Task data:
========================
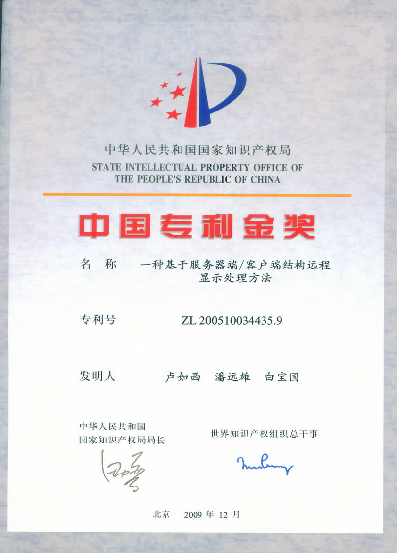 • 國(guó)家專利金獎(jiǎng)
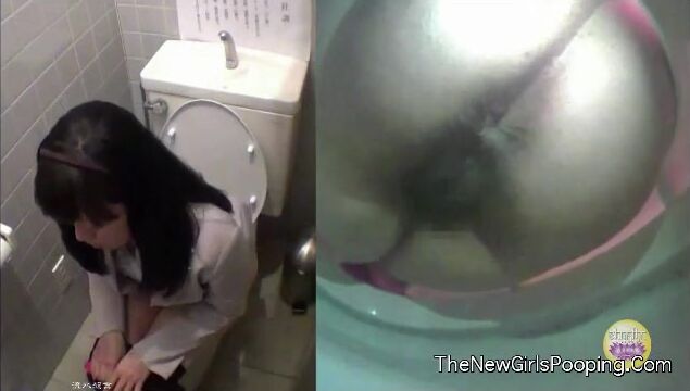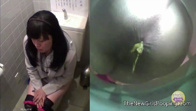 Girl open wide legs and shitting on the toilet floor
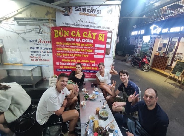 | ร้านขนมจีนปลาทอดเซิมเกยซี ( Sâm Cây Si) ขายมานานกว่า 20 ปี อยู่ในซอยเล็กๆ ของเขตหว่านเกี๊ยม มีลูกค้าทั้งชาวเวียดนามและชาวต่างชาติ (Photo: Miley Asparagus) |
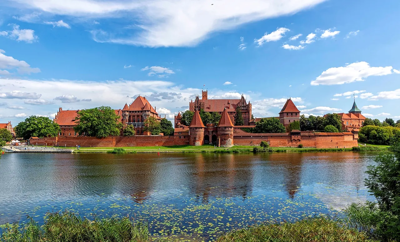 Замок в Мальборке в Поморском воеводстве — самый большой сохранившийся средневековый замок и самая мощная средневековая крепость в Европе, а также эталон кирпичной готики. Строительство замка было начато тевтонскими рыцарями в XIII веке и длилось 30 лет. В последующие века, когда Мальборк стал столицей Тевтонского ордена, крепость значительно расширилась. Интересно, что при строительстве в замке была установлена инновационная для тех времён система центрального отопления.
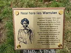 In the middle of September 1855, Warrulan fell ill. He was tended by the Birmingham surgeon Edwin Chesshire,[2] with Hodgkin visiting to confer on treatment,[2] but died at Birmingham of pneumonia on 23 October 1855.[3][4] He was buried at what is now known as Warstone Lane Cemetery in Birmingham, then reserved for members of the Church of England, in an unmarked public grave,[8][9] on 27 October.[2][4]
========================
Problem to solve:
Once the pictures are set aside, write out each record exactly.

Output below:
 • 國(guó)家專利金獎(jiǎng)
 Girl open wide legs and shitting on the toilet floor
 | ร้านขนมจีนปลาทอดเซิมเกยซี ( Sâm Cây Si) ขายมานานกว่า 20 ปี อยู่ในซอยเล็กๆ ของเขตหว่านเกี๊ยม มีลูกค้าทั้งชาวเวียดนามและชาวต่างชาติ (Photo: Miley Asparagus) |
 Замок в Мальборке в Поморском воеводстве — самый большой сохранившийся средневековый замок и самая мощная средневековая крепость в Европе, а также эталон кирпичной готики. Строительство замка было начато тевтонскими рыцарями в XIII веке и длилось 30 лет. В последующие века, когда Мальборк стал столицей Тевтонского ордена, крепость значительно расширилась. Интересно, что при строительстве в замке была установлена инновационная для тех времён система центрального отопления.
 In the middle of September 1855, Warrulan fell ill. He was tended by the Birmingham surgeon Edwin Chesshire,[2] with Hodgkin visiting to confer on treatment,[2] but died at Birmingham of pneumonia on 23 October 1855.[3][4] He was buried at what is now known as Warstone Lane Cemetery in Birmingham, then reserved for members of the Church of England, in an unmarked public grave,[8][9] on 27 October.[2][4]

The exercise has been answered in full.